Behind the Placard

| May 01, 2002

When Russ Cramer hands new owner-operators the hazmat book, they sometimes act as if the book itself were toxic. “The look on their faces often says, ‘Oh, no,’” says Cramer, who supervised contractors at Umthun Trucking of Eagle Grove, Iowa. “You can just tell they’d rather not deal with it.” That wasn’t the case with Umthun owner-operator Henry Shriver. “I’ve talked to a lot of people who won’t touch a hazmat load, but boy, I jump on them,” says Shriver, a former Overdrive Trucker of the Month. Sure, placarded materials can be dangerous, but so can everything else on the road, Shriver says. “The diesel you put into your fuel tank this morning is dangerous. The bottom line is, if you have that endorsement, you’re going to have more money in your pocket.”

Many truckers shun hazmat the way Dracula shuns garlic. But most loads placarded as hazardous material contain not bombs and nuclear waste but everyday stuff, from hairspray and roofing materials to fertilizer and Coca-Cola ingredients. That’s why so many general-freight fleets require hazmat endorsements.

Having arranged training, licensing and insurance coverage that would be tough for an independent to manage, fleets offer leased owner-operators a share of the growing hazmat-hauling industry. Some offer higher pay for hazmat loads. But veterans say the best reason to get your endorsement and learn about hazmat is safety: Even if you aren’t hauling it, the truck in the lane beside you likely is. “Knowing more about this stuff never hurts you,” Cramer says.

Umthun paid extra for hauling hazmat – roughly a third better than a comparable nonhazmat load, the difference between 90 cents a mile and $1.20. Umthun ceased operations March 1, its business now handled by Decker Truck Lines, Fort Dodge, Iowa.

Owner-operators Michael and Jean Flintom of Lancing, Tenn., are leased to a fleet that specializes in hazmat, Tri-State Motor Transit of Joplin, Mo. “Hazmat pays a little better than standard freight,” Michael Flintom says. “Certainly it’s been very profitable for us.” In a typical year, he estimates, he and his wife net around $80,000 from a gross of $180,000 to $200,000.

Whether hazmat loads pay more than nonhazmat loads often depends on how much of the carrier’s business is hazmat. It’s definitely a question to raise when you’re shopping for general-freight carriers, says Bill Johnson of Anchorage, Alaska. He and his father drove many placarded loads as an owner-operator team leased first to Waggoners Trucking of Billings, Mont., then to Lynden Transport of Anchorage.

“With Lynden, we got a flat rate that was higher than average no matter what we were hauling, but we didn’t get any extra for hazmat loads,” says Johnson, who now works for APC Natchiq, an Anchorage oil-service company. “Fleet to fleet, sometimes it’s a higher rate for hazmat, sometimes not, but it’s nothing I’d want to bet my paycheck on.”

Being hazmat-ready makes you money in the long run because you’re able to take on a wider variety of loads, says Danny Lowis of Waverly Hall, Ga. An owner-operator leased to Liquid Transport of Indianapolis, he hauls tankers of agricultural chemicals.

“We wind up hauling more and more placarded loads,” Lowis says. “Most of the stuff we haul isn’t dangerous, but some of it is very dangerous. If you get a set system of things to check, you can stay pretty safe. You need to be patient and not get in any hurry. It’s a lot to watch, but it’s a pretty good job.”

Hauling hazmat is more time-consuming and complicated than hauling regular loads. The job begins by verifying completion of the shipper’s paperwork, which can easily run 40 pages or more, Flintom says.

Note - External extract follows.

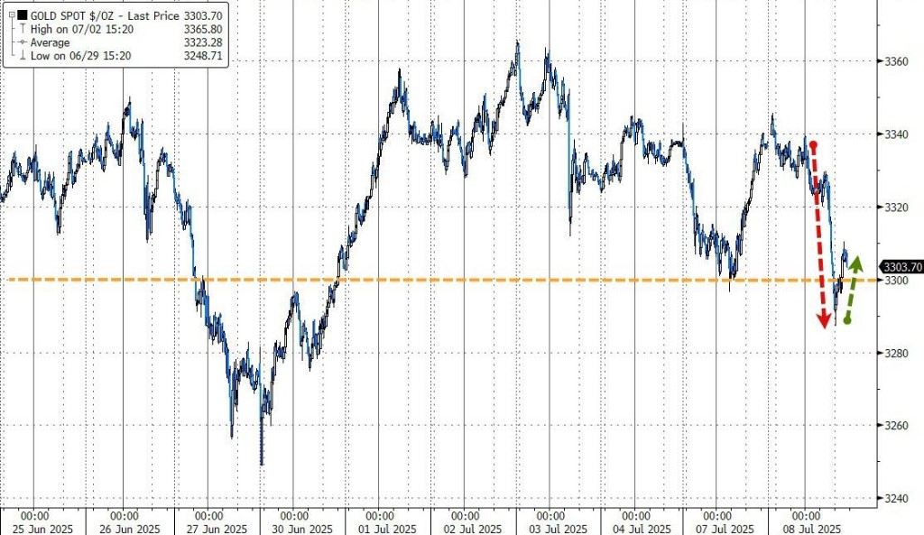 特朗普稱將實施 50% 銅關税,紐銅較日低一度暴拉超 18%。黃金跌 1.1%,盤中一度跌破 3300 美元。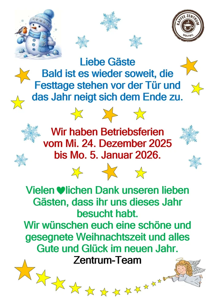 | So. 21.12 | Kalbsgeschnetzeltes „Züri Art“ mit Röstikroketten und Gemüsegarnitur, dazu ein feines Dessert | 35.50 | |

The hazmat hauler has to conduct more rigorous pretrip inspections, making sure, for example, that all the items are secured and not leaking. Once under way, federal law requires him to check tires every two hours. Around cities, moreover, hazmat haulers are limited to certain routes and certain times of day. “You have to plan ahead,” Lowis says.

And since Sept. 11, they spend more time talking to law-enforcement officers than other truckers do. “We get stopped a lot more,” Lowis says. “You can count on it at just about every scale, and even riding down the road, they’ll pull you, just to see what you’re up to. If you’re going to try running ahead of your log book, you’re definitely going to get caught.”